WORK REQUEST :: Everything in the listing below should be written out again exactly, except the pictures.

RECORDED DATA ::
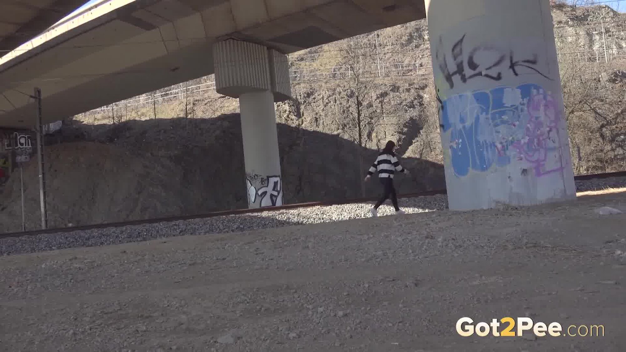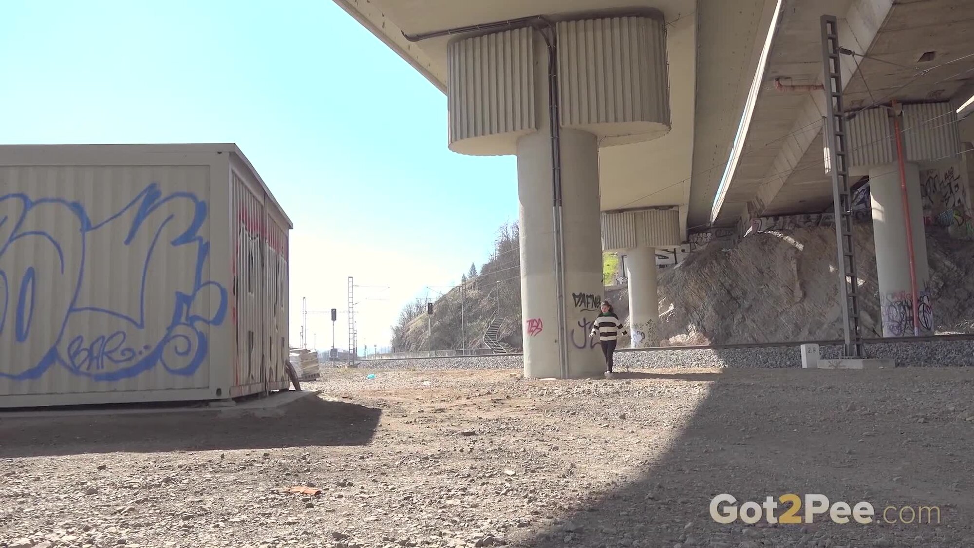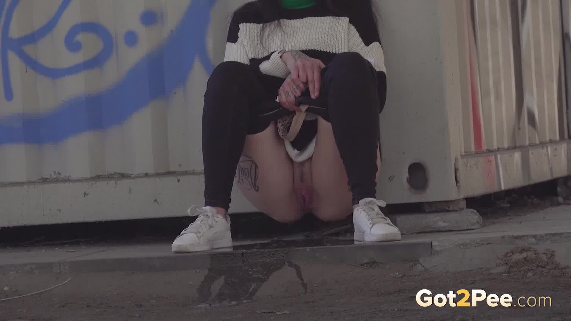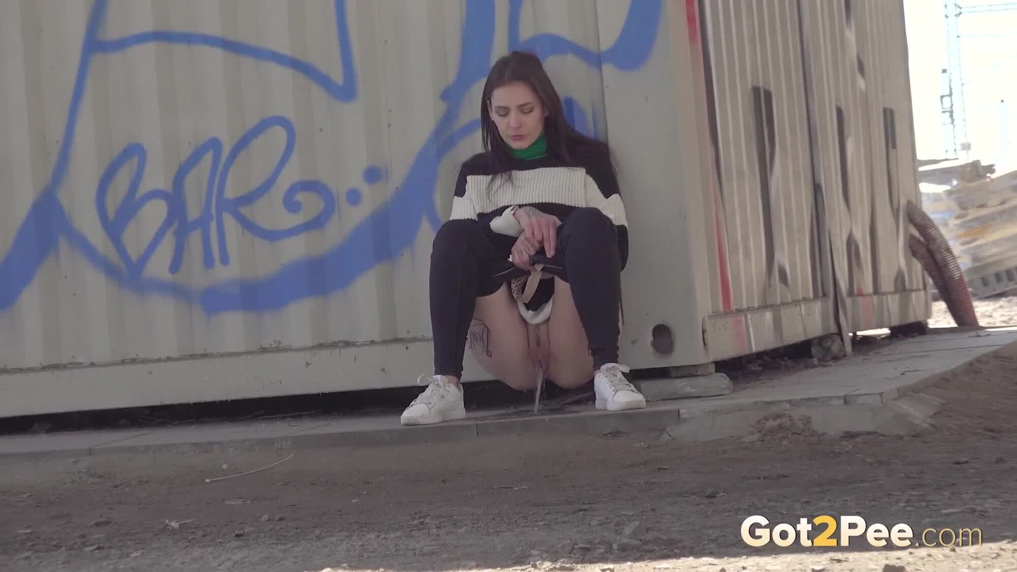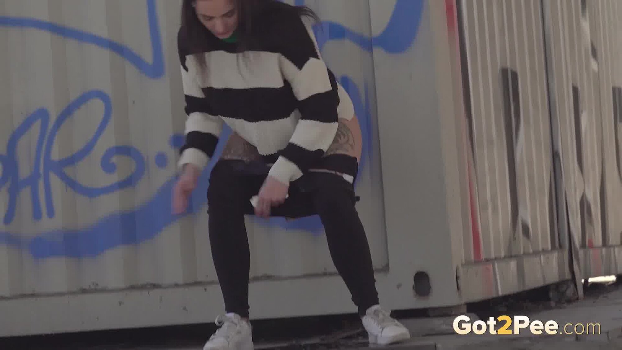 We welcome back Alexa Throat in our newest pissing porno here on Got2Pee as she rushes away from the railway line to find somewhere to relieve her piss desperation. She stops behind a container and squatting to pee, sprays a neat stream of piss down onto the concrete below.
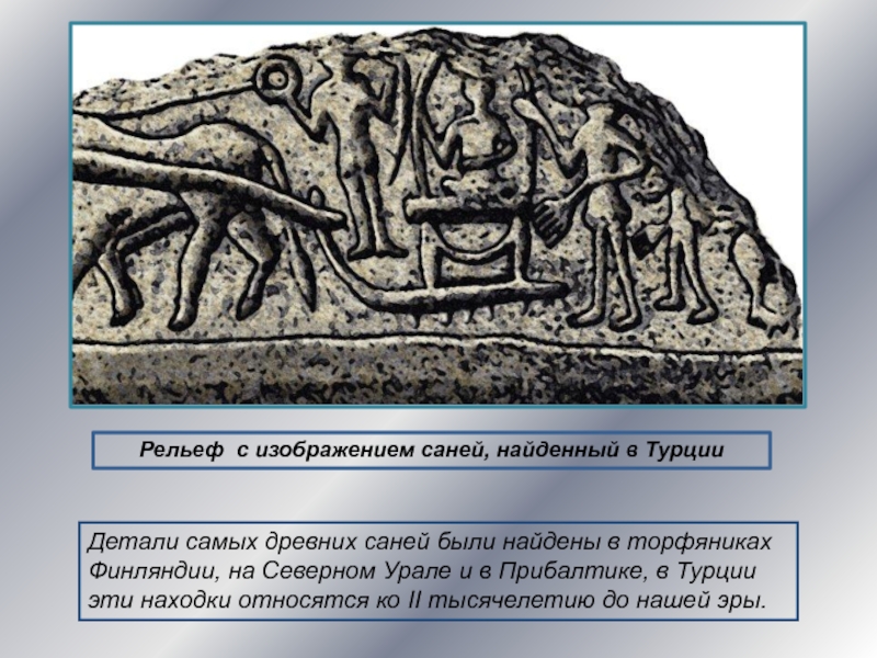 Слайд 4Рельеф с изображением саней, найденный в Турции
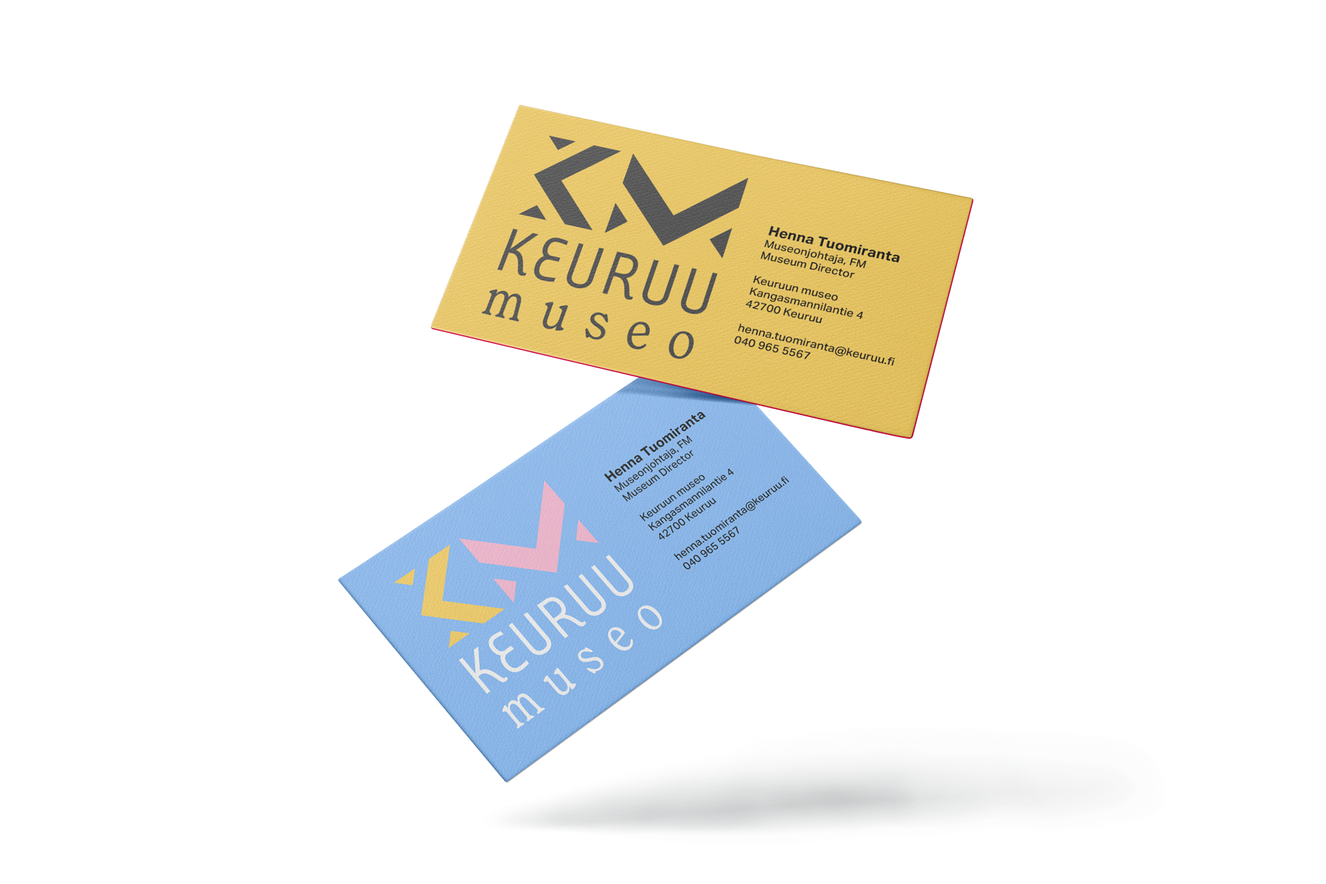 Alla ehdotus Keuruun museon uudeksi logoksi ja graafiseksi ilmeeksi. Kaikki ovat vielä luonnosehdotuksia. Ilme mukailee KM-kirjaimia sekä Keuruun kaupungin ilmeen typografiaa ja värimaailmaa muodostaen, uskoakseni, vahvan brändin.
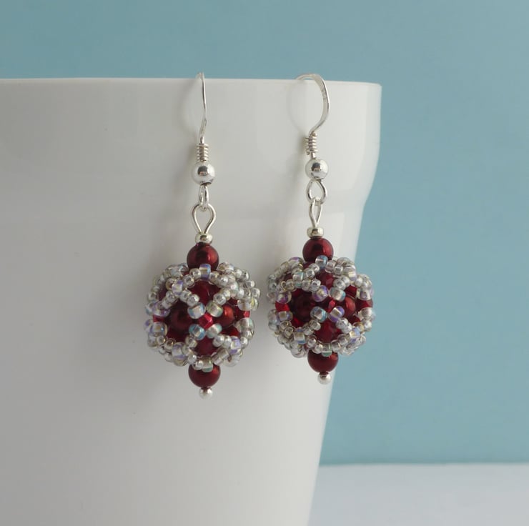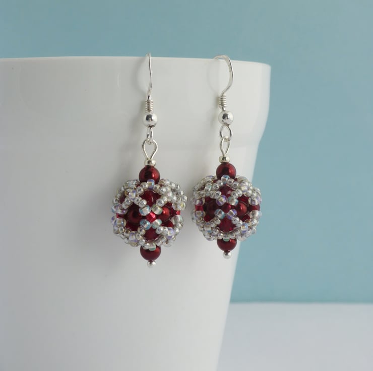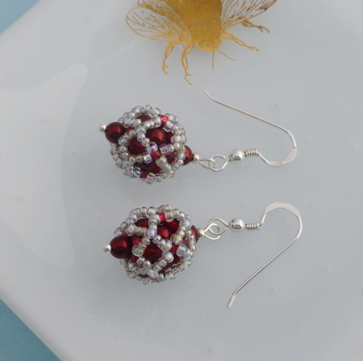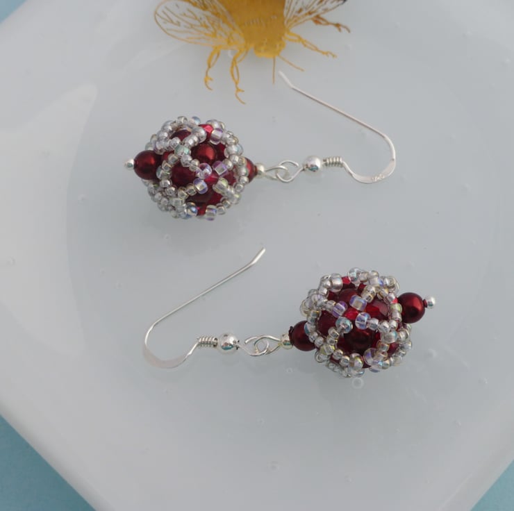 These beautiful hand beaded ball earrings are stitched from crystal glass pearls in a gorgeous dark metallic red colour. I used silver grey iridescent seed beads and faceted glass beads to finish them and to bring out the colour of the glass pearls. The ball section of the earrings is approx 1.5cm and they measure approx 2cm long from the bottom of the Sterling silver earwires.

WRITTEN ANSWER ::
 We welcome back Alexa Throat in our newest pissing porno here on Got2Pee as she rushes away from the railway line to find somewhere to relieve her piss desperation. She stops behind a container and squatting to pee, sprays a neat stream of piss down onto the concrete below.
 Слайд 4Рельеф с изображением саней, найденный в Турции
 Alla ehdotus Keuruun museon uudeksi logoksi ja graafiseksi ilmeeksi. Kaikki ovat vielä luonnosehdotuksia. Ilme mukailee KM-kirjaimia sekä Keuruun kaupungin ilmeen typografiaa ja värimaailmaa muodostaen, uskoakseni, vahvan brändin.
 These beautiful hand beaded ball earrings are stitched from crystal glass pearls in a gorgeous dark metallic red colour. I used silver grey iridescent seed beads and faceted glass beads to finish them and to bring out the colour of the glass pearls. The ball section of the earrings is approx 1.5cm and they measure approx 2cm long from the bottom of the Sterling silver earwires.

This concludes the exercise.